» Aim of the task:
With the pictures left out, write out the records verbatim.

» Stored items from a collection:
————————
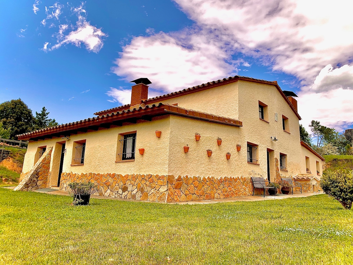 カン・ケル・ノウは広々とした宿泊施設を提供しています。テル川、オロット・ジローナの緑の道、レ・ギレリエス山脈に近く、コスタ・ブラバから30分の静かな環境にあります。家からは周囲の山々の景色がよく見えます。釣り人、サイクリスト、ハイキング好きに最適です。釣り服、自転車、その他の器具を置くスペースがあります。屋外スペース、大きなテラス、素敵なポーチ、専用駐車場、Wi-Fi、リモートワーク用のスペースがあります。
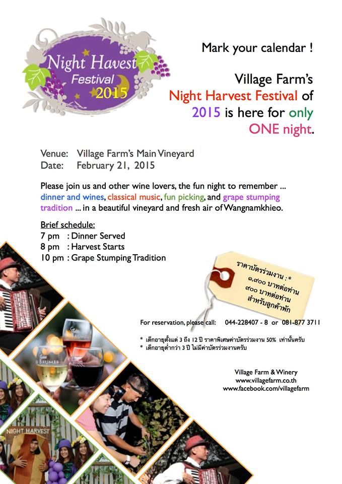 ไร่องุ่นวิลเลจฟาร์ม แอนด์ไวน์เนอรี่ อำเภอวังน้ำเขียว จังหวัดนครราชสีมา สนับสนุนการประชาสัมพันธ์โดย การท่องเที่ยวแห่งประเทศไทย(ททท.)สำนักงานนครราชสีมา จัดเทศกาลแห่งความสุข เทศกาลเก็บเกี่ยวองุ่นไวน์ ประจำปี 2558 Village Farms สำหรับกิจกรรมการจัดงาน เริ่มต้นด้วยบรรยากาศ แห่งความสวยงามท่ามกลางไร่องุ่นไวน์ของวิลเลจฟาร์มอันกว้างใหญ่ รายล้อมด้วยวิวเทือกเขาสลับซับซ้อนสวยงามตามความรู้สึกของใครหลายๆคนที่ชื่นชอบผลิตภัณฑ์ที่เกิดจากองุ่นสายพันธุ์ดี สนุกสนานดื่มด่ำกับอาหารชั้นเลิศจากกุ๊กฝีมือเยี่ยม และไวน์ที่
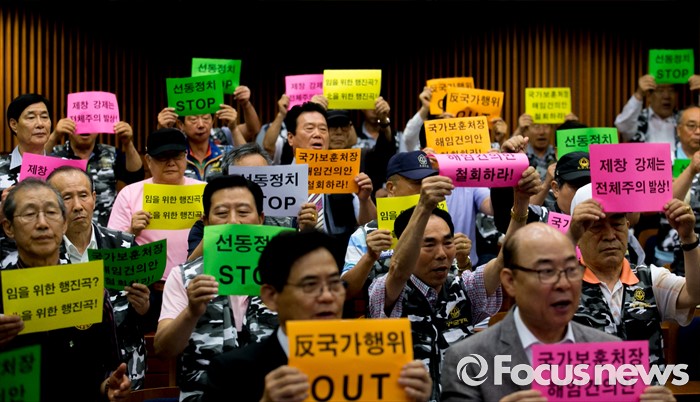 (서울=포커스뉴스) 28일 오전 서울 여의도 국회 헌정기념관에서 열린 '임을 위한 행진곡' 기념곡 지정저지 범국민대책본부 출범식 및 결의대회에 참석한 관련단체 회원 및 참석자들이 피켓을 들고 구호를 외치고 있다.
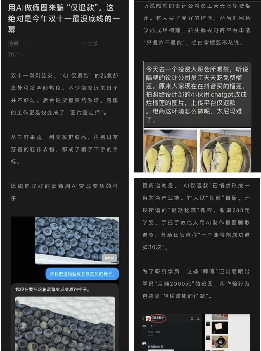 從生鮮、化妝品到內衣襪子,全被人盯上——有人拿著完好無損的藍莓,用 AI 一鍵合成成發霉爛果,點按「申請僅退款」直接白嫖。
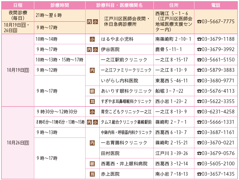 ※医療機関は変更になる場合があります。変更がある場合は江戸川区医師会HPに掲載しています。
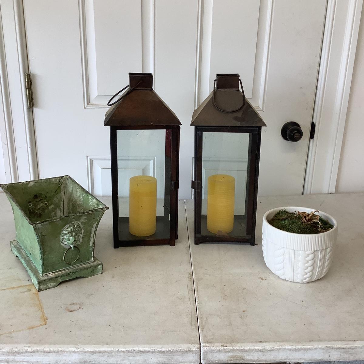 G895 Lot of Outdoor Lanterns and Flower Pots
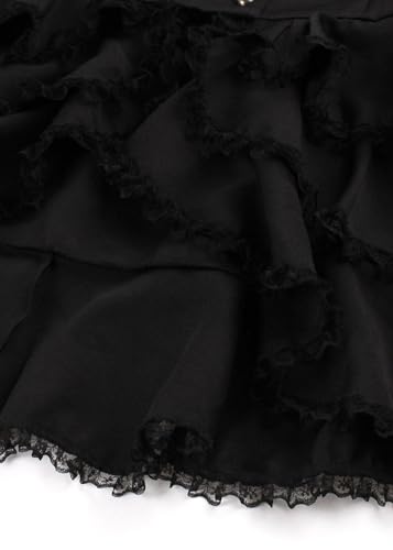 • Layered Ruffle Skirt: Eye-catching tiered skirt with voluminous ruffles and lace trim adds a romantic, vintage touch
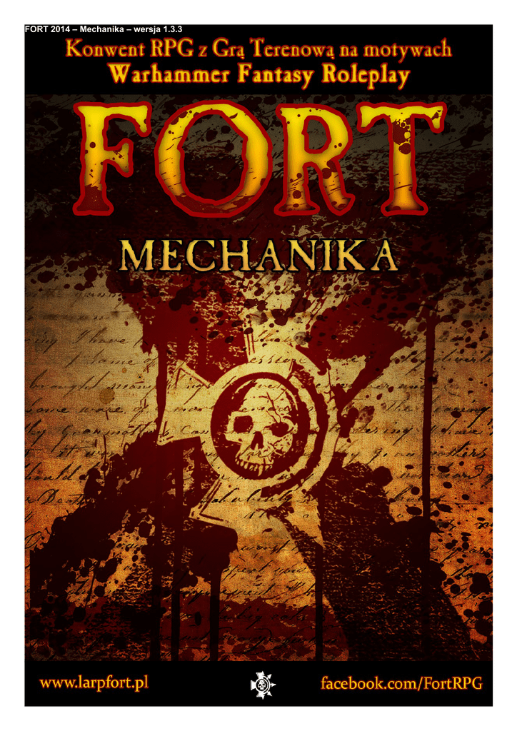 FORT 2014 – Mechanika – wersja 1.3.3 Spis treści Wprowadzenie....................................2 Rasy....................................................3 Ludzie...........................................3 Elfy................................................3 Krasnoludy....................................3 Niziołki (Halflingi)..........................3 Zielonoskórzy................................4 Klasy postaci.......................................4 Awanturnik (6 PD).........................4 Czarownik (6PD)...........................5 Kapłan (6 PD)...............................5 Łotr (6 PD)....................................6 Łowczy (6 PD)..............................6 Obywatel (5 PD)...........................7 Strzelec (7 PD).............................7 Uczony (5 PD)..............................8 Żołnierz (7 PD)..............................8 Wady i umiejętnośći............................9 Wady................................................9 Znamię Chaosu – Mark (1 PD).....9 Asceta (2 PD)...............................9 Brak kończyny (3 PD)...................9 Brak oka (2 PD)............................9 Choroba (1 PD)...........................10 Głupota (6 PD)............................10 Niemagiczność (2 PD)................10 Niemowa (3 PD).........................10 Niewidomy (5 PD).......................10 Poszukiwany (1 PD)...................10 Tchórzostwo (rasowa).................10 Wątła budowa (3 PD)..................10 Umiejętności..................................10 Alchemia.....................................10 Artylerzysta.................................10 Bastion odwagi...........................10 Biurokrata...................................10 Broń palna..................................10 Broń specjalna: bomba...............11 Broń strzelecka...........................11 Chmara.......................................11 Cyrulik.........................................11 Czarotwórstwo............................11 Dowódca.....................................11 Długa prosta................................11 Egzorcyzmy................................11 Szczęście....................................14 Fałszerz......................................11 Szlachetna Krew.........................14 Guślarstwo..................................11 Szybki strzał................................14 Identyfikacja................................11 Szybkie dobywanie.....................15 Inżynier.......................................11 Ślusarz........................................15 Koncentracja...............................11 Tarczownik – puklerz / tarcza / Kowal run....................................11 pawęż.........................................15 Krasnoludzka krzepa..................12 Tkacz wiatrów.............................15 Kryptografia................................12 Torturowanie...............................15 Lepkie ręce.................................12 Tropienie.....................................15 Łowczy........................................12 Twardziel....................................15 Mag miecza................................12 Tworzenie zwojów.......................15 Medium.......................................12 Urodzony w magii.......................15 Medyk.........................................12 Ważenie trucizn..........................15 Mistrz gestów..............................12 Wiedza........................................15 Mistrz run....................................12 Wigor..........................................15 Moc.............................................12 Wola nieumarłych.......................15 Narodzony w dziczy....................12 Wróżenie z run............................15 Objawiona moc...........................12 Wytrzymały.................................16 Oburęczność...............................13 Wytwarzanie strzał......................16 Odporność na choroby...............13 Zapłata we krwi...........................16 Odporność na magię..................13 Zielarstwo...................................16 Ogłuszenie..................................13 Żelazna wola...............................16 Ognia!.........................................13 System Walki....................................16 Padnij – powstań!.......................13 Faza magii.....................................16 Pancerz Wiary............................13 Faza strzelecka..............................17 Piśmienny...................................13 Broń artyleryjska.........................17 Plotka..........................................13 Broń palna..................................17 Płatnerz......................................13 Broń strzelecka...........................17 Pojedynek...................................13 Faza walki......................................17 Pojętność....................................13 Faza kończąca...............................18 Poliglota......................................13 Dołączenie się do walki..............18 Potęga myśli...............................13 Zakończenie walki......................18 Precyzyjny strzał.........................14 Gest bezpieczeństwa – postać Przebijanie..................................14 pokonana....................................18 Psalm..........................................14 Martwe postaci i gest Rdzawe ostrza............................14 skrzyżowanych rąk.....................18 Rzucanie czarów........................14 Zasady dodatkowe.........................19 Słaby punkt.................................14 Amunicja i surowce.....................19 Solidna osłona............................14 Długość broni..............................19 Spadek.......................................14 Tarcze.........................................19 Spryt...........................................14 Nóż na gardle.............................19 
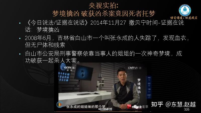如果说前面这样的比较个人化的案例不好核对,建议查一下一些公案。比如中央电视台一套的《今日说法》的2014年11月27号的一期,题目是《梦境擒凶》。里面有一个完全可以验证的真实案例。
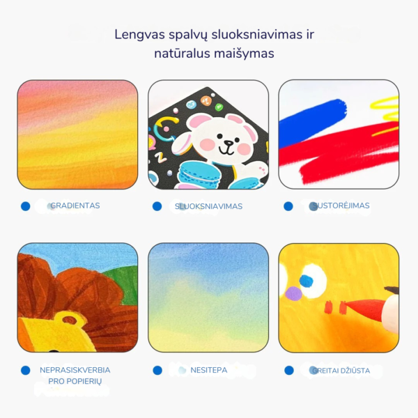 - Vieno markerio dydis: 13,5 cm x 1,1 cm x 1,1 cm
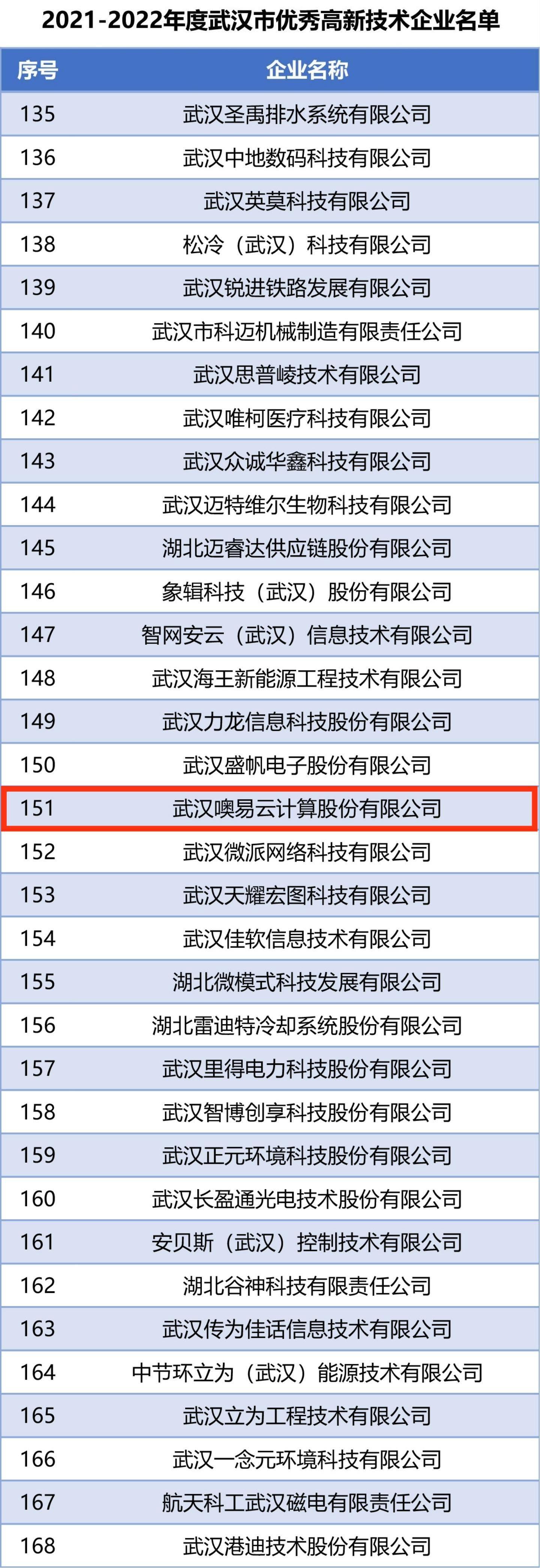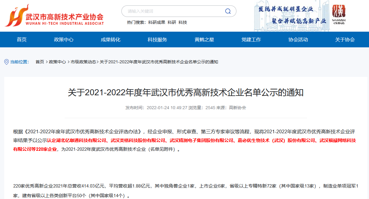2021-2022年度年武汉市优秀高新技术企业公示名单(图)
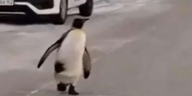 Um pinguim foi filmado caminhando pelas ruas da cidade, que está enfrentando temperaturas extremas de -20ºC.
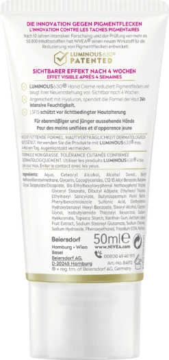 NIVEA Luminous Anti-Pigmentflecken Hochwirksame Hand Creme LSF15
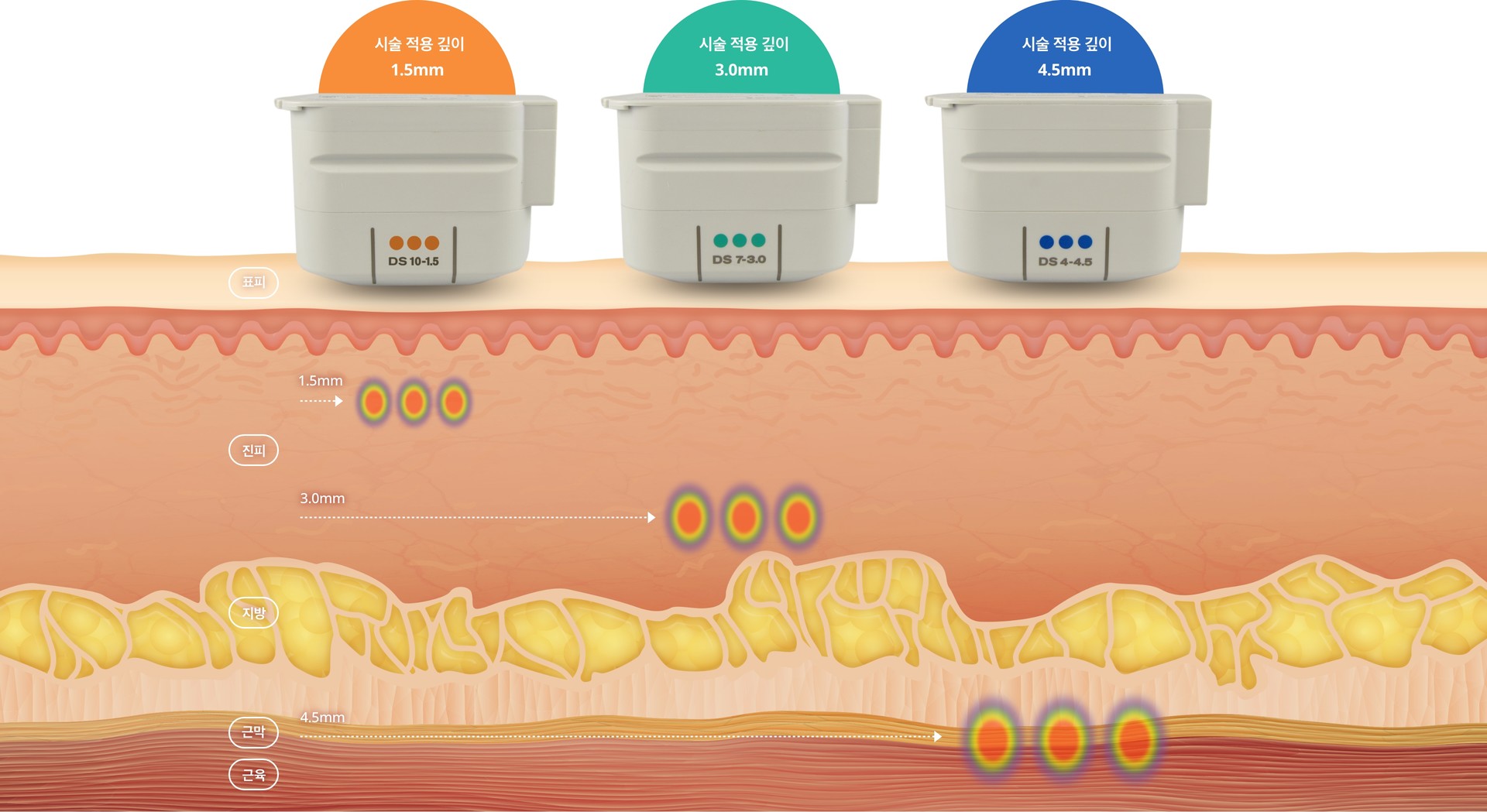 진피층(3.0mm, 4.5mm)에
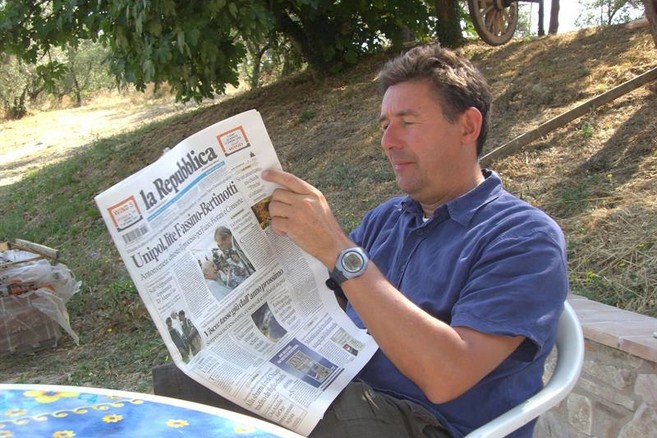 “In de hoogzomer kom ik een drietal weken maar ook in het voorjaar en het najaar als ik de tijd vrij heb. Maar ik kom hier niet om alleen te genieten. Mijn familie en vrienden zijn hier allemaal welkom. Ik bouw in Italië mijn sociale leven uit. Het is dan dubbel genieten op deze manier,” droomt Rudi weg. De reden waarom Rudi voor dit huis koos? “Ik wilde nog een stommiteit doen voor ik 40 werd, en dit was ze dus. Toen ik in de humaniora zat, gingen we naar Umbrië op schoolreis. Met hier telkens terug naartoe te komen, kon ik niet anders dan hier een woning kopen. De wijngaard en het uitzicht beloofden de hemel op aarde. Van op dit hellende terrein heb je een immens uitzicht naar alle windrichtingen. De zieke wijngaard heb ik moeten rooien, maar intussen is die opnieuw aangelegd om landwijn te kunnen produceren. Gelukkig kon ik wel de olijfgaard redden. Familie en vrienden kan ik zo in olijfolie voorzien."
————————
» Exercise solution:
 カン・ケル・ノウは広々とした宿泊施設を提供しています。テル川、オロット・ジローナの緑の道、レ・ギレリエス山脈に近く、コスタ・ブラバから30分の静かな環境にあります。家からは周囲の山々の景色がよく見えます。釣り人、サイクリスト、ハイキング好きに最適です。釣り服、自転車、その他の器具を置くスペースがあります。屋外スペース、大きなテラス、素敵なポーチ、専用駐車場、Wi-Fi、リモートワーク用のスペースがあります。
 ไร่องุ่นวิลเลจฟาร์ม แอนด์ไวน์เนอรี่ อำเภอวังน้ำเขียว จังหวัดนครราชสีมา สนับสนุนการประชาสัมพันธ์โดย การท่องเที่ยวแห่งประเทศไทย(ททท.)สำนักงานนครราชสีมา จัดเทศกาลแห่งความสุข เทศกาลเก็บเกี่ยวองุ่นไวน์ ประจำปี 2558 Village Farms สำหรับกิจกรรมการจัดงาน เริ่มต้นด้วยบรรยากาศ แห่งความสวยงามท่ามกลางไร่องุ่นไวน์ของวิลเลจฟาร์มอันกว้างใหญ่ รายล้อมด้วยวิวเทือกเขาสลับซับซ้อนสวยงามตามความรู้สึกของใครหลายๆคนที่ชื่นชอบผลิตภัณฑ์ที่เกิดจากองุ่นสายพันธุ์ดี สนุกสนานดื่มด่ำกับอาหารชั้นเลิศจากกุ๊กฝีมือเยี่ยม และไวน์ที่
 (서울=포커스뉴스) 28일 오전 서울 여의도 국회 헌정기념관에서 열린 '임을 위한 행진곡' 기념곡 지정저지 범국민대책본부 출범식 및 결의대회에 참석한 관련단체 회원 및 참석자들이 피켓을 들고 구호를 외치고 있다.
 從生鮮、化妝品到內衣襪子,全被人盯上——有人拿著完好無損的藍莓,用 AI 一鍵合成成發霉爛果,點按「申請僅退款」直接白嫖。
 ※医療機関は変更になる場合があります。変更がある場合は江戸川区医師会HPに掲載しています。
 G895 Lot of Outdoor Lanterns and Flower Pots
 • Layered Ruffle Skirt: Eye-catching tiered skirt with voluminous ruffles and lace trim adds a romantic, vintage touch
 FORT 2014 – Mechanika – wersja 1.3.3 Spis treści Wprowadzenie....................................2 Rasy....................................................3 Ludzie...........................................3 Elfy................................................3 Krasnoludy....................................3 Niziołki (Halflingi)..........................3 Zielonoskórzy................................4 Klasy postaci.......................................4 Awanturnik (6 PD).........................4 Czarownik (6PD)...........................5 Kapłan (6 PD)...............................5 Łotr (6 PD)....................................6 Łowczy (6 PD)..............................6 Obywatel (5 PD)...........................7 Strzelec (7 PD).............................7 Uczony (5 PD)..............................8 Żołnierz (7 PD)..............................8 Wady i umiejętnośći............................9 Wady................................................9 Znamię Chaosu – Mark (1 PD).....9 Asceta (2 PD)...............................9 Brak kończyny (3 PD)...................9 Brak oka (2 PD)............................9 Choroba (1 PD)...........................10 Głupota (6 PD)............................10 Niemagiczność (2 PD)................10 Niemowa (3 PD).........................10 Niewidomy (5 PD).......................10 Poszukiwany (1 PD)...................10 Tchórzostwo (rasowa).................10 Wątła budowa (3 PD)..................10 Umiejętności..................................10 Alchemia.....................................10 Artylerzysta.................................10 Bastion odwagi...........................10 Biurokrata...................................10 Broń palna..................................10 Broń specjalna: bomba...............11 Broń strzelecka...........................11 Chmara.......................................11 Cyrulik.........................................11 Czarotwórstwo............................11 Dowódca.....................................11 Długa prosta................................11 Egzorcyzmy................................11 Szczęście....................................14 Fałszerz......................................11 Szlachetna Krew.........................14 Guślarstwo..................................11 Szybki strzał................................14 Identyfikacja................................11 Szybkie dobywanie.....................15 Inżynier.......................................11 Ślusarz........................................15 Koncentracja...............................11 Tarczownik – puklerz / tarcza / Kowal run....................................11 pawęż.........................................15 Krasnoludzka krzepa..................12 Tkacz wiatrów.............................15 Kryptografia................................12 Torturowanie...............................15 Lepkie ręce.................................12 Tropienie.....................................15 Łowczy........................................12 Twardziel....................................15 Mag miecza................................12 Tworzenie zwojów.......................15 Medium.......................................12 Urodzony w magii.......................15 Medyk.........................................12 Ważenie trucizn..........................15 Mistrz gestów..............................12 Wiedza........................................15 Mistrz run....................................12 Wigor..........................................15 Moc.............................................12 Wola nieumarłych.......................15 Narodzony w dziczy....................12 Wróżenie z run............................15 Objawiona moc...........................12 Wytrzymały.................................16 Oburęczność...............................13 Wytwarzanie strzał......................16 Odporność na choroby...............13 Zapłata we krwi...........................16 Odporność na magię..................13 Zielarstwo...................................16 Ogłuszenie..................................13 Żelazna wola...............................16 Ognia!.........................................13 System Walki....................................16 Padnij – powstań!.......................13 Faza magii.....................................16 Pancerz Wiary............................13 Faza strzelecka..............................17 Piśmienny...................................13 Broń artyleryjska.........................17 Plotka..........................................13 Broń palna..................................17 Płatnerz......................................13 Broń strzelecka...........................17 Pojedynek...................................13 Faza walki......................................17 Pojętność....................................13 Faza kończąca...............................18 Poliglota......................................13 Dołączenie się do walki..............18 Potęga myśli...............................13 Zakończenie walki......................18 Precyzyjny strzał.........................14 Gest bezpieczeństwa – postać Przebijanie..................................14 pokonana....................................18 Psalm..........................................14 Martwe postaci i gest Rdzawe ostrza............................14 skrzyżowanych rąk.....................18 Rzucanie czarów........................14 Zasady dodatkowe.........................19 Słaby punkt.................................14 Amunicja i surowce.....................19 Solidna osłona............................14 Długość broni..............................19 Spadek.......................................14 Tarcze.........................................19 Spryt...........................................14 Nóż na gardle.............................19 
如果说前面这样的比较个人化的案例不好核对,建议查一下一些公案。比如中央电视台一套的《今日说法》的2014年11月27号的一期,题目是《梦境擒凶》。里面有一个完全可以验证的真实案例。
 - Vieno markerio dydis: 13,5 cm x 1,1 cm x 1,1 cm
2021-2022年度年武汉市优秀高新技术企业公示名单(图)
 Um pinguim foi filmado caminhando pelas ruas da cidade, que está enfrentando temperaturas extremas de -20ºC.
 NIVEA Luminous Anti-Pigmentflecken Hochwirksame Hand Creme LSF15
 진피층(3.0mm, 4.5mm)에
 “In de hoogzomer kom ik een drietal weken maar ook in het voorjaar en het najaar als ik de tijd vrij heb. Maar ik kom hier niet om alleen te genieten. Mijn familie en vrienden zijn hier allemaal welkom. Ik bouw in Italië mijn sociale leven uit. Het is dan dubbel genieten op deze manier,” droomt Rudi weg. De reden waarom Rudi voor dit huis koos? “Ik wilde nog een stommiteit doen voor ik 40 werd, en dit was ze dus. Toen ik in de humaniora zat, gingen we naar Umbrië op schoolreis. Met hier telkens terug naartoe te komen, kon ik niet anders dan hier een woning kopen. De wijngaard en het uitzicht beloofden de hemel op aarde. Van op dit hellende terrein heb je een immens uitzicht naar alle windrichtingen. De zieke wijngaard heb ik moeten rooien, maar intussen is die opnieuw aangelegd om landwijn te kunnen produceren. Gelukkig kon ik wel de olijfgaard redden. Familie en vrienden kan ik zo in olijfolie voorzien."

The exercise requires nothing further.